The Consumer Price Index (CPI) is the way the US government tracks just how much a dollar can buy. The government calculates this measure by doing a monthly check on the prices of thousands of products at local stores, and then averages the change in these prices. The resulting number is what is typically referred to as inflation. Overall inflation from January to November was 2.1% (data for December has not been released).
In addition to reporting overall inflation, the government also reports price levels for the product categories that go into that calculation. By looking at the price changes in these categories, we can get a sense of what is getting more or less expensive in US.
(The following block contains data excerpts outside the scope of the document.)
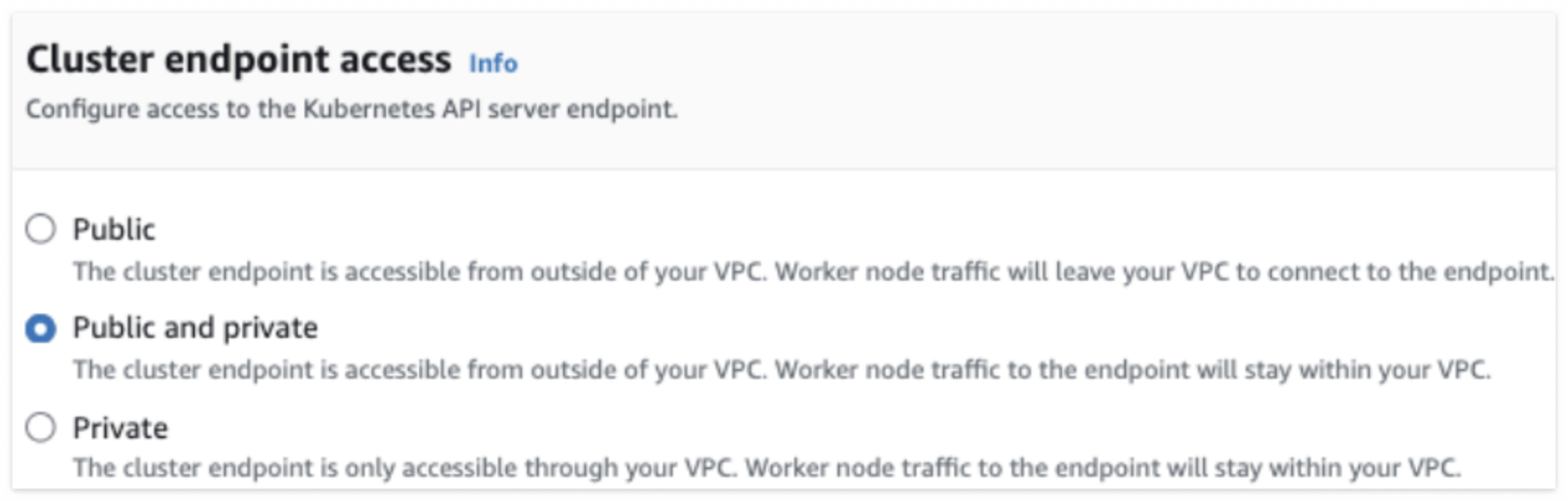 - 단순하게 생각하면 접근유형에 public이 들어가면 쿠버네티스 API서버 접근을 인터넷망으로 접근을 허용하겠다 입니다. 반대로 private만 있으면 인터넷망으로 쿠버네티스 API서버에 접근하지 못합니다.
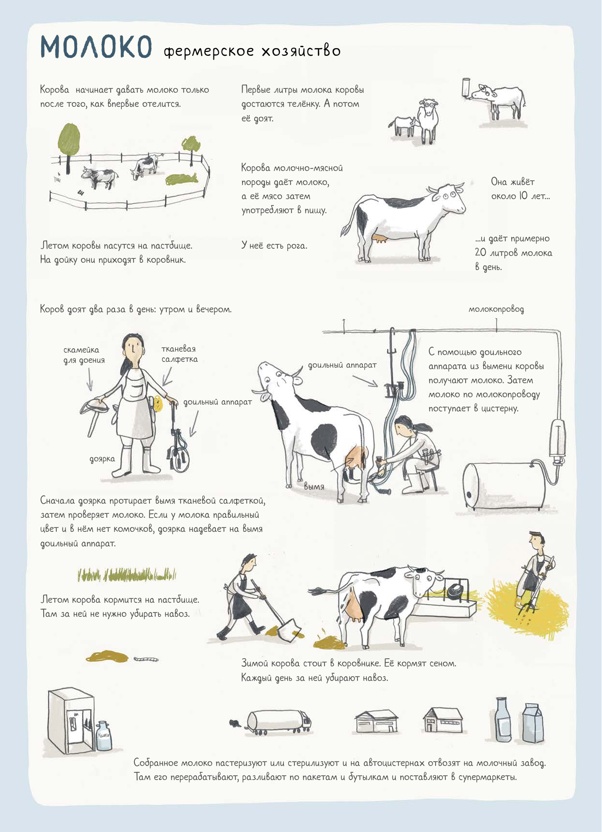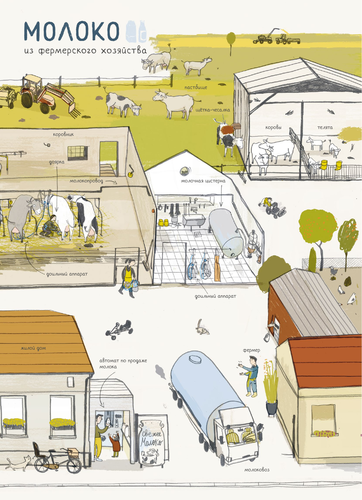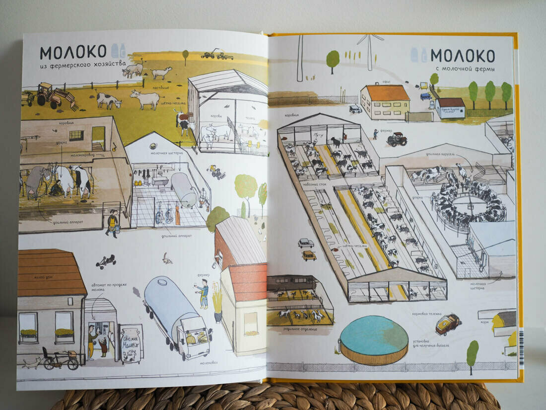 Книга небольшая, всего 16 разворотов, но поместилось на них столько всего интересного, многие рисунки для наглядности выполнены в разрезе. Рассматривается организация работы и выпуск продукции в сравнении на фермерских хозяйствах и крупных предприятий пищевой промышленности. Можно обсудить с ребенком разницу при производстве продуктов в небольших и промышленных объемах.
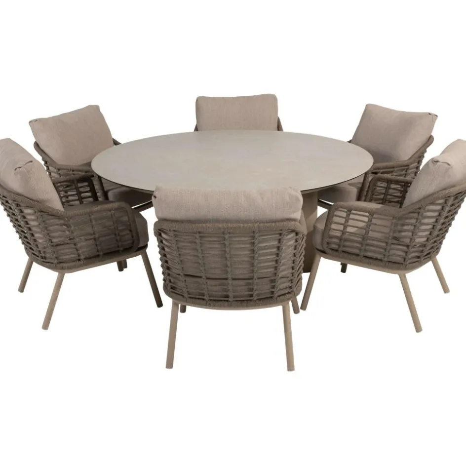De Taste by 4 Seasons Donato tuinset met Puglia stoelen biedt een goede balans tussen stijl, comfort en duurzaamheid. De zes Puglia tuinstoelen zijn vervaardigd uit hoogwaardige outdoormaterialen, waardoor ze langdurig bestand zijn tegen diverse weersomstandigheden. Het aluminium frame is voorzien van een latte-kleurige poedercoating. Het met de hand gevlochten taupekleurige rope vlechtwerk zorgt voor een verfijnde afwerking. Voor optimaal zitcomfort zijn de stoelen uitgerust met extra gevulde zit- en rugkussens, bekleed met weerbestendig en zacht Olefin-textiel. De set wordt compleet gemaakt door de Donato dining tuintafel, die met zijn ronde keramisch geprinte blad en drie stevige aluminium poten met latte poedercoating een luxe uitstraling heeft.

This year, the biggest price riser was gasoline. Regular unleaded gasoline went up by 11.1% from January to November. The average price of regular unleaded gas grew from $2.13 at the beginning of the year to close to $2.50 in November. Premium and midgrade also got a lot more expensive this year. The higher prices seem to be largely a result of a lack of refinery capacity in the US. Prices have fallen over the last few months after reaching a high in April.
Lettuce prices also rose quickly, but it is a product with unusually high price volatility. Lettuce only lasts for a very short period, and supply is dependent on good weather. Even within 2019, lettuce prices spiked, fell, and then spiked again.
The product that got cheaper most quickly this year was televisions. That is not unusual. By the government’s methodology, television prices have been plummeting for years. CPI attempts to measure how much it would cost to buy an equivalent product over time, and purchasing a top-of-the-line TV from 20 years ago would be extremely cheap today. TVs are an area where improving manufacturing technology has massively benefited consumers.
Prices for women’s clothes also fell quickly in 2019. Like televisions and other electronics, improved manufacturing efficiency continues to make clothes less expensive.